--- EXERCISE MATERIAL Enclosed Below ---

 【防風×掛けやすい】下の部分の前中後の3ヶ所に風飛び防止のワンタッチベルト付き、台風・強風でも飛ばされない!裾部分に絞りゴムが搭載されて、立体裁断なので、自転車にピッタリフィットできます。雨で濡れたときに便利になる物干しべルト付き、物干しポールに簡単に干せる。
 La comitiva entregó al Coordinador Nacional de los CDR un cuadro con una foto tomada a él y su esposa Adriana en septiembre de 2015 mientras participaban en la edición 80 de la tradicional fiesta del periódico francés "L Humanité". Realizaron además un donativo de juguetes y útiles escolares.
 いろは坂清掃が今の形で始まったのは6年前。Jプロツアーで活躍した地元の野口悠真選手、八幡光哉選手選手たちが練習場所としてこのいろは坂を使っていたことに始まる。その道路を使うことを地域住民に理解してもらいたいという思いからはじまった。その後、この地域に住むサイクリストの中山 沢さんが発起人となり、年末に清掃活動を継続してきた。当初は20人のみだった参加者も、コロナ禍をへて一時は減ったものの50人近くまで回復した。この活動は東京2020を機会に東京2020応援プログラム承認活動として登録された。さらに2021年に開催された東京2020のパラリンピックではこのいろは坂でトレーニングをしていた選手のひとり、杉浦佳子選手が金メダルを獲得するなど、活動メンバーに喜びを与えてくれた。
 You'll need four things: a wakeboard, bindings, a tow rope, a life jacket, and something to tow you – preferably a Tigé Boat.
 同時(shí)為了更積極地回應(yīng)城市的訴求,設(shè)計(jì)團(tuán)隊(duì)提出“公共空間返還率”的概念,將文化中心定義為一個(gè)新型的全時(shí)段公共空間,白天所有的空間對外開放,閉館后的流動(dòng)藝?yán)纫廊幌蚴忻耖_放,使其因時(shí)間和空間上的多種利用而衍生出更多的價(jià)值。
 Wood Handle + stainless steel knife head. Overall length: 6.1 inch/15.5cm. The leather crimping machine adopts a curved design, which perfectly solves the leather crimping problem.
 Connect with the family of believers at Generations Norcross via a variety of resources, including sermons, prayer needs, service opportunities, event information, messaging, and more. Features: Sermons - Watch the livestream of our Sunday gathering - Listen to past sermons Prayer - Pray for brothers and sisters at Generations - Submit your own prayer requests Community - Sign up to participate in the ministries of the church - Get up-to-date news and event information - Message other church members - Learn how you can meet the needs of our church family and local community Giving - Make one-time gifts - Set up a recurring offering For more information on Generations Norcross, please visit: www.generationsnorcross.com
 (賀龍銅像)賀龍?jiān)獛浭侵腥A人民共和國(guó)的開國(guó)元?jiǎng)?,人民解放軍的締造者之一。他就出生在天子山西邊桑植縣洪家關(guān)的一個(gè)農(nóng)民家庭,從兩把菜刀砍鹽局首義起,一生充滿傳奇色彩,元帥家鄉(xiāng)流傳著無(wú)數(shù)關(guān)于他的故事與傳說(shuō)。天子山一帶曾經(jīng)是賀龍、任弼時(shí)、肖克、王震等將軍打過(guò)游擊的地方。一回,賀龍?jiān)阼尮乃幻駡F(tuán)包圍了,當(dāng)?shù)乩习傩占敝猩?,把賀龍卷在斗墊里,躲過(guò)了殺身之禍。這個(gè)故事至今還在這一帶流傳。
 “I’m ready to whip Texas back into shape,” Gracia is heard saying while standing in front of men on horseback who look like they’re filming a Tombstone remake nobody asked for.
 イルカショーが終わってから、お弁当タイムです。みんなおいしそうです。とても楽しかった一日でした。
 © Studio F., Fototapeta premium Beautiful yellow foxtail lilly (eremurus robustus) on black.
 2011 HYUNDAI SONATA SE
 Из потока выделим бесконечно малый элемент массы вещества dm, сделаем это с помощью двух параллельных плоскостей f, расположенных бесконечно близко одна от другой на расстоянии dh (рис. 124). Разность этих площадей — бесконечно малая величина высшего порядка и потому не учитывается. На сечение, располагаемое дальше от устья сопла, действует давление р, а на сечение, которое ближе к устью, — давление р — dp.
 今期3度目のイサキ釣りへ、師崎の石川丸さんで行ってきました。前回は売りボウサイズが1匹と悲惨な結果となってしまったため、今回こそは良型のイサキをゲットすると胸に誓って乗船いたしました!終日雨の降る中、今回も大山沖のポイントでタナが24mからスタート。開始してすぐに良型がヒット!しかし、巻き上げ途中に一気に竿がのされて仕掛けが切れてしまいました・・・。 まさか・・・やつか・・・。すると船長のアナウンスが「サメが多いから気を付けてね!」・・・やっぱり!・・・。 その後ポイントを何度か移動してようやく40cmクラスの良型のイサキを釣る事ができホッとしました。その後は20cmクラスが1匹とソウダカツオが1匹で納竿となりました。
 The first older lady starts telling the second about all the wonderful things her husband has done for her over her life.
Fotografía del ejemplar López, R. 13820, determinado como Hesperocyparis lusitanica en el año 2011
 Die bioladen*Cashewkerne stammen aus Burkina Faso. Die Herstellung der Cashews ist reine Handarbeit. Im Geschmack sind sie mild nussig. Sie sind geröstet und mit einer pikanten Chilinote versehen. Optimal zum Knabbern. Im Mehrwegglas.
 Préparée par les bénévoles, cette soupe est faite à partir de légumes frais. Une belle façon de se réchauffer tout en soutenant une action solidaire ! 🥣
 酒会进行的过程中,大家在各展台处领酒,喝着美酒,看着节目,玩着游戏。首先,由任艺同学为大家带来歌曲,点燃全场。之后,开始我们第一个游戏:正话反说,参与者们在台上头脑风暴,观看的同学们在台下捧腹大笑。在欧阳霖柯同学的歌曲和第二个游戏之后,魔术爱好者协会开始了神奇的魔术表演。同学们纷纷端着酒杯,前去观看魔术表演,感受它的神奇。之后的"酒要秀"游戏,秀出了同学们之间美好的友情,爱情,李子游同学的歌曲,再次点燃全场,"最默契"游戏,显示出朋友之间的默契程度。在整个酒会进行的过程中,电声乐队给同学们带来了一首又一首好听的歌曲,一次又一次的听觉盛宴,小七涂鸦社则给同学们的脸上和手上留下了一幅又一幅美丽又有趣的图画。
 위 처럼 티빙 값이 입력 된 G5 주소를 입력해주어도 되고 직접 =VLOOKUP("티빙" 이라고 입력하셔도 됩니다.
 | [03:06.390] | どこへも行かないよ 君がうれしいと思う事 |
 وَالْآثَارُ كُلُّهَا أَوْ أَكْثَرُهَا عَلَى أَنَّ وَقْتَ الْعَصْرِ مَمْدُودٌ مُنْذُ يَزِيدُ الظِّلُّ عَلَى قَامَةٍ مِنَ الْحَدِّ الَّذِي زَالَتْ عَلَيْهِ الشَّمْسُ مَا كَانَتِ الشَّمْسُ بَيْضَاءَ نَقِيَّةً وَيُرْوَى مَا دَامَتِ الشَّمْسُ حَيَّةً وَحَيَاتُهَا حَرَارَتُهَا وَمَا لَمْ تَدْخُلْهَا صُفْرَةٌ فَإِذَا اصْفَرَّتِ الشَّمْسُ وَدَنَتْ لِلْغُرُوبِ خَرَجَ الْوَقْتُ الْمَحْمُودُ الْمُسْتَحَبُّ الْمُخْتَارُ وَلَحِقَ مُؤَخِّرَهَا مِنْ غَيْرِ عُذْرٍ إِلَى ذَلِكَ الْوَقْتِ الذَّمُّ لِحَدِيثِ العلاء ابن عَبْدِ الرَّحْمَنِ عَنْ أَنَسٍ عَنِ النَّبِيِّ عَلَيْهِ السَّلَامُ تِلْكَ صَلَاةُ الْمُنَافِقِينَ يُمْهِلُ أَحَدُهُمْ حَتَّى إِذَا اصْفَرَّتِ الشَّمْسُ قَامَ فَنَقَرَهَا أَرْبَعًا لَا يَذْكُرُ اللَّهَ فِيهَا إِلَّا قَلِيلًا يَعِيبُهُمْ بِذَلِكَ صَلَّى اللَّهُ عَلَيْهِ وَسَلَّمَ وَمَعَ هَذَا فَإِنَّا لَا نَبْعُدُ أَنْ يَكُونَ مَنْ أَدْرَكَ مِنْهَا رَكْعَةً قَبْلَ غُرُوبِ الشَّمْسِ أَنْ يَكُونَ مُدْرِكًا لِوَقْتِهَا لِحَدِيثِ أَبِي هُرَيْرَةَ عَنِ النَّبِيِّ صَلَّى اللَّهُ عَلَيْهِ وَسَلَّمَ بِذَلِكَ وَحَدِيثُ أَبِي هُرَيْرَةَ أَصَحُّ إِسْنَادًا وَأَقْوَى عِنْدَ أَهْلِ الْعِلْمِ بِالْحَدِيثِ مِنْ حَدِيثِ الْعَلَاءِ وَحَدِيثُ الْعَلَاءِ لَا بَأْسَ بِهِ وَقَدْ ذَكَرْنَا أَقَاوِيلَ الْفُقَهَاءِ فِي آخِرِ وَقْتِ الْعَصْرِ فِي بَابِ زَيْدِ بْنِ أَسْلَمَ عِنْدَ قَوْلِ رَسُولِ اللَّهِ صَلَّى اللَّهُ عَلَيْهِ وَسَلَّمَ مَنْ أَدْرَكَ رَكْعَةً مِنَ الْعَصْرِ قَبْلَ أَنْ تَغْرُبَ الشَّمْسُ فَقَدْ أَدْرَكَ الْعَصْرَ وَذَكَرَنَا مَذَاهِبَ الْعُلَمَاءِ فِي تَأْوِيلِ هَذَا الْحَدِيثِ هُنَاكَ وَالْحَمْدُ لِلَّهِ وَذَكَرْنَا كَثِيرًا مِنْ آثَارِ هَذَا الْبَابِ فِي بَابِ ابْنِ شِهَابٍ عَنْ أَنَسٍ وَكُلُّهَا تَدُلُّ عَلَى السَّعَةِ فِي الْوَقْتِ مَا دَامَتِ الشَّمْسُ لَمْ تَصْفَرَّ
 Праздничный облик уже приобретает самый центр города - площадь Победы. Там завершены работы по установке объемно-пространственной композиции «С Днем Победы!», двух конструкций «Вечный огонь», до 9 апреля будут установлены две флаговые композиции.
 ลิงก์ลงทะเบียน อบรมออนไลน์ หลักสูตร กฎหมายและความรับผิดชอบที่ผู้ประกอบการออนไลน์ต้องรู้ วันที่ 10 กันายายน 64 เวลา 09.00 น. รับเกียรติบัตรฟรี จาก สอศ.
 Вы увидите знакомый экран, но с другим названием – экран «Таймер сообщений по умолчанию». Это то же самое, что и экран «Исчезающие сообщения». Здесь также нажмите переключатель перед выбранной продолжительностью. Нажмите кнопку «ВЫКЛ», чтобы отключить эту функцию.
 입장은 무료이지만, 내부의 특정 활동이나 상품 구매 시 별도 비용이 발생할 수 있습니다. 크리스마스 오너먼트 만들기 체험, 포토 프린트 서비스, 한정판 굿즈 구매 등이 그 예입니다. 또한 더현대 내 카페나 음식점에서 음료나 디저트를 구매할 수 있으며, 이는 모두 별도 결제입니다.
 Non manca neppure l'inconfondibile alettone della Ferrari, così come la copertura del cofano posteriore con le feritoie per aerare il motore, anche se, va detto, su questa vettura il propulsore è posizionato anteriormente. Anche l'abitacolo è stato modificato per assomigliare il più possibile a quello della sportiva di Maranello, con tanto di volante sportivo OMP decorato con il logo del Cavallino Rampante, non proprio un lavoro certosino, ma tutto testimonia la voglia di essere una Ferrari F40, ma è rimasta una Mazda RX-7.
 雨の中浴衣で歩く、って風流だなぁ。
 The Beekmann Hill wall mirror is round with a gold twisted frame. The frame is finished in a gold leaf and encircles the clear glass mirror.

--- End of Enclosed EXERCISE MATERIAL ---

> _TO DO_
Scan the data above; copy every line where "things" appears.

> _REPLY TO THE EXERCISE_
 You'll need four things: a wakeboard, bindings, a tow rope, a life jacket, and something to tow you – preferably a Tigé Boat.
 The first older lady starts telling the second about all the wonderful things her husband has done for her over her life.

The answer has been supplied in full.